== Work request ==
Using the data that follows, give again word for word the lines between the one holding "2026年8月縦型月曜始まり" and the one holding "Штани жіночі велюрові, колір", inclusive. Omit the pictures.

== Available data ==
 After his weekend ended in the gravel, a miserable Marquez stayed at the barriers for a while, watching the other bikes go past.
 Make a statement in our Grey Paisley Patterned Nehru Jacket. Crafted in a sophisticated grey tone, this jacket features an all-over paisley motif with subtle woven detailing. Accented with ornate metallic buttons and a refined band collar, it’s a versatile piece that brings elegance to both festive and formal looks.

* * *

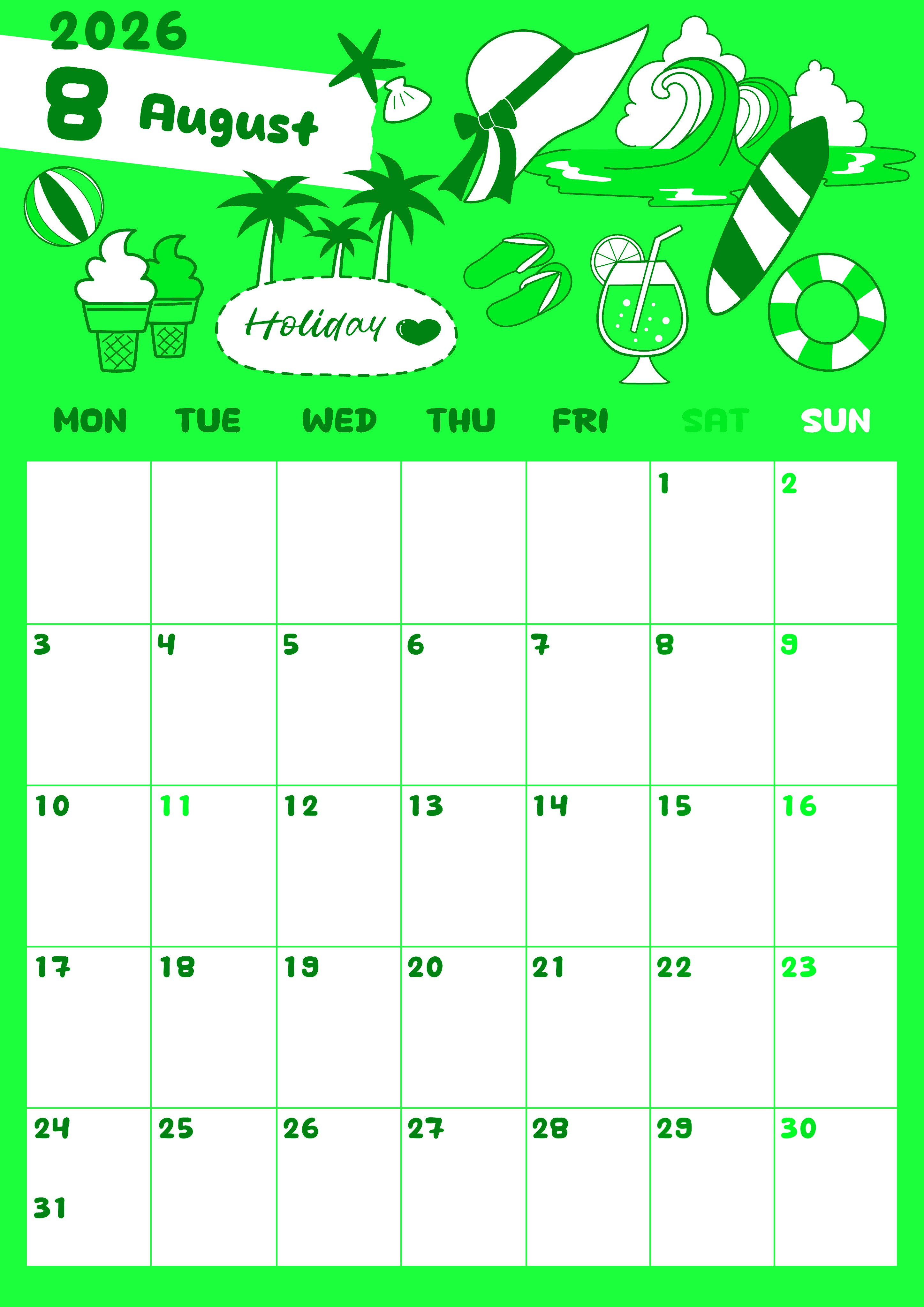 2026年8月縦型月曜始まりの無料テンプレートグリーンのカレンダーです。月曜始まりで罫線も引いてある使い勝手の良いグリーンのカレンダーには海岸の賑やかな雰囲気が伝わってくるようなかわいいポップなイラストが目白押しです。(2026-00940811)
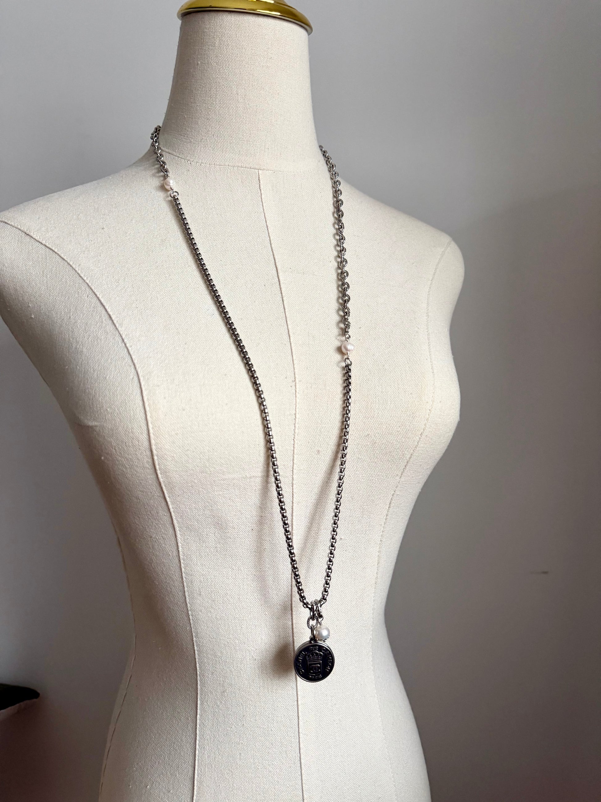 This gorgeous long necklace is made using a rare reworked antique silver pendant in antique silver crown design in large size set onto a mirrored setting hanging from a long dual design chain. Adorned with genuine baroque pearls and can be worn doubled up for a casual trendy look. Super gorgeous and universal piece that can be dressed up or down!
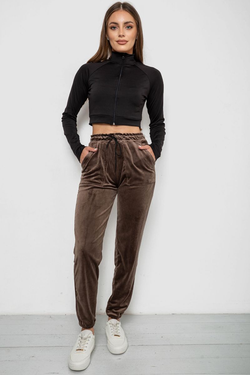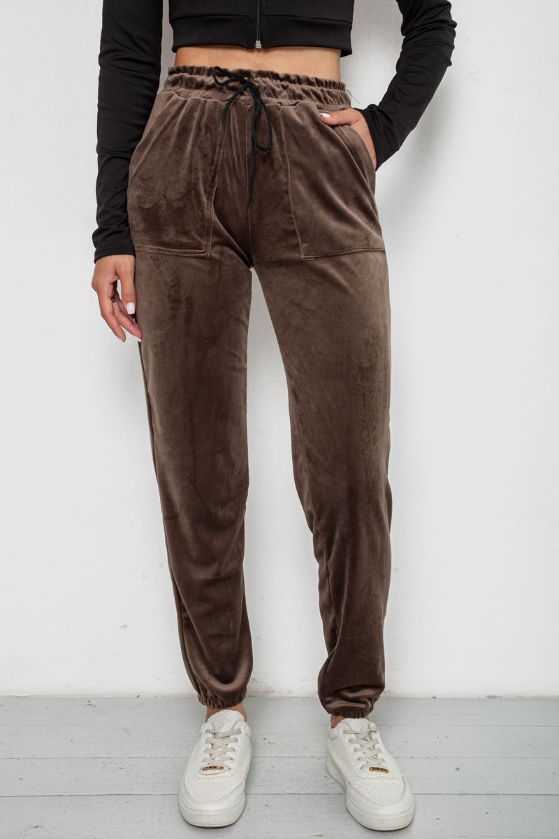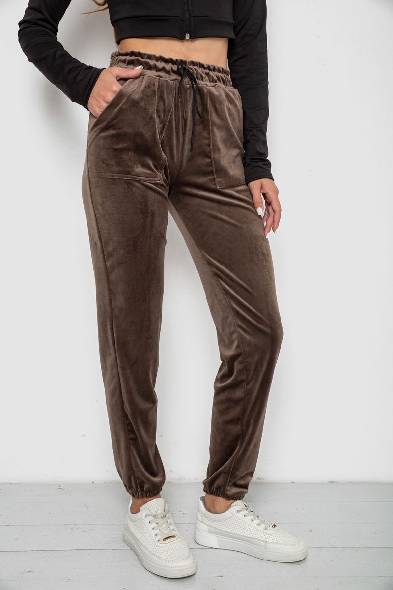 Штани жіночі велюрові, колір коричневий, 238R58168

== Task output ==
 2026年8月縦型月曜始まりの無料テンプレートグリーンのカレンダーです。月曜始まりで罫線も引いてある使い勝手の良いグリーンのカレンダーには海岸の賑やかな雰囲気が伝わってくるようなかわいいポップなイラストが目白押しです。(2026-00940811)
 This gorgeous long necklace is made using a rare reworked antique silver pendant in antique silver crown design in large size set onto a mirrored setting hanging from a long dual design chain. Adorned with genuine baroque pearls and can be worn doubled up for a casual trendy look. Super gorgeous and universal piece that can be dressed up or down!
 Штани жіночі велюрові, колір коричневий, 238R58168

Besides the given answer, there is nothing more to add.